Климченко лег. Они замолчали. Но уснуть уже не могли. Климченко вперил неподвижный взгляд своих крошечных синих глаз в желтеющий сводчатый потолок и замер в одной думе.

И видно было, что дума эта тягуча, однообразно-бесформенна и тяжела, как и нависшие над рядами коек своды.

Худое, темное, в рамке черных, как смоль, волос, лицо Селиванова выражало один немой вопрос. Словно еще в первый раз жизнь предстала пред ним, как загадочный сфинкс, и в ничего не выражающей физиономии этого сфинкса была в тоже время какая-то едва уловимая тень не то коварства, не то жестокости.

— Все-то нет письма, все-то нет, — наконец, тихо и точно про себя сказал он.

— Все-то нет? — как эхо, также тихо откликнулся Климченко. — Да, нет… А ты вот что: напиши, чтоб тебе, значит, написали до востребования; на почте и получишь. Эдак-то лучше, братику. Просто, значит, без всяких: Петру Матвееву Селиванову… А знаешь что, братику? — вдруг метнулся он на постели, поворачиваясь лицом к Селиванову. — Слышно… Только никому не сказывай, — мне ротный писарь, земляк, по секрету сказывал, — слышно, наш батальон тоже хотят выслать в уезд… Понял, голова садова? С мужиками и бабами воевать.

И, говоря это, Климченко лег и снова сел, и лицо его стало суровым, а пальцы нервно затеребили щетинистый ус.

— Как не понять, — почти беззвучно, дрогнувшими губами ответил Селиванов.

И тут же почувствовал, как тихая, ноющая боль тоски и отчаяния змеей вползла и овладевала его душой.

А вместе с болью вползал и гнетущий страх, тяжелое предчувствие…

Селиванов покосился на дверь, и ему показалось, что вот-вот сейчас снова должно появиться кошмарное видение — живой, без контуров, окровавленный ком белого человеческого тела.

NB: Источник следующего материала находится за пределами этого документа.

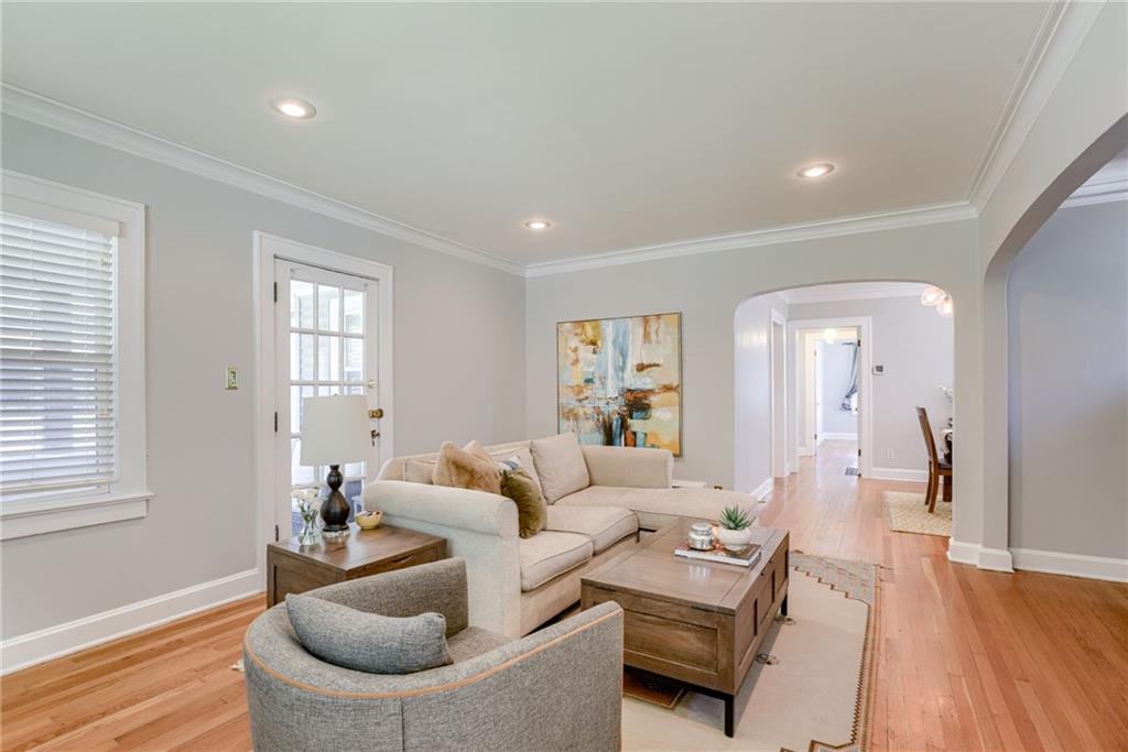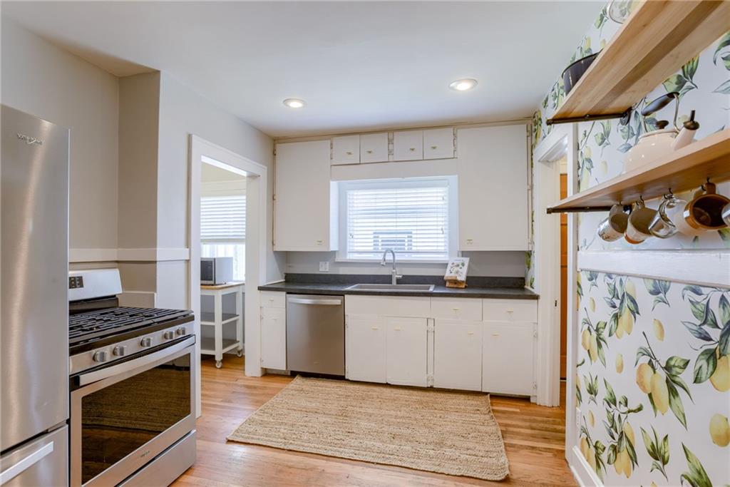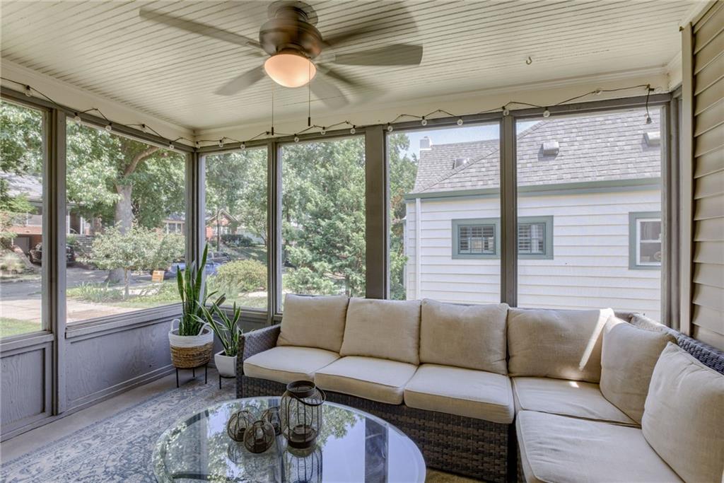 Lovely updated 2-bedroom, 1-bath ranch in the sought-after Armour Hills subdivision! Just moments from the popular Brookside shopping area, this charming home welcomes you with a light-filled living room featuring a cozy fireplace and access to a delightful enclosed side porch. The dining room and updated kitchen shine with style, including stainless steel appliances. Two comfortable bedrooms and a full hall bath complete the main level, while gleaming hardwood floors flow throughout. A private driveway leads to a basement-entry garage, offering convenience and extra storage. Move-in ready and full of character -- don't miss this Brookside gem!

— Господи! Что же это такое? Что-о же это та-а-ко-ое?!

Он закрыл лицо руками и прижался горячим лбом к подушке.

Глухие подавленные рыдания вдруг наполнили длинное сводчатое помещение. Они вырывались из груди трепещущего каждым мускулом солдата отдельными острыми кусками и, точно невидимки-птицы с тяжелыми глухо хлопающими крылами, они мало-помалу овладевали низкими сводами и, безумно кружась, бились о желтоватые каменные стены, о темные окна, о толстую с маленьким окошечком дверь…

 

На другой день, после ученья, Селиванов сидел за одним из казарменных столов и, согнувшись, красный и потный от напряжения, трясущимися заскорузлыми пальцами выводил неровные, размашистые строки письма.

«Дражайшие, бесценные, — писал Селиванов, — родители мои и дражайшая, бесценная супруга моя! Нижайше, земно кланяюсь вам и заочно целую несчетно раз. Нижайший поклон Микифору Дорофеичу с супругой и детками, и Ларивону Степанычу с супругой его и детками, и Спиридону Митричу с супругой его и заочно целую. А известно нам, будто у вас был бунт и так что, значит, усмиряли. Но только зря вы это дело задумали, потому по нонешним временам — очень строго и лучше, ежели бы потерпели пока что. А главное дело, живы ли, здоровы вы там у себя? Сносил ли голову Спиридон Митрич? А еще прошел слух, что нашу роту тоже, значит…»

Селиванов остановился, подумал и зачеркнул последние слова. Потом продолжал:

«А пишите мне не на роту, а без всяких на город, Петру Селиванову до востребования и больше ничего; на почте сам вытребоваю».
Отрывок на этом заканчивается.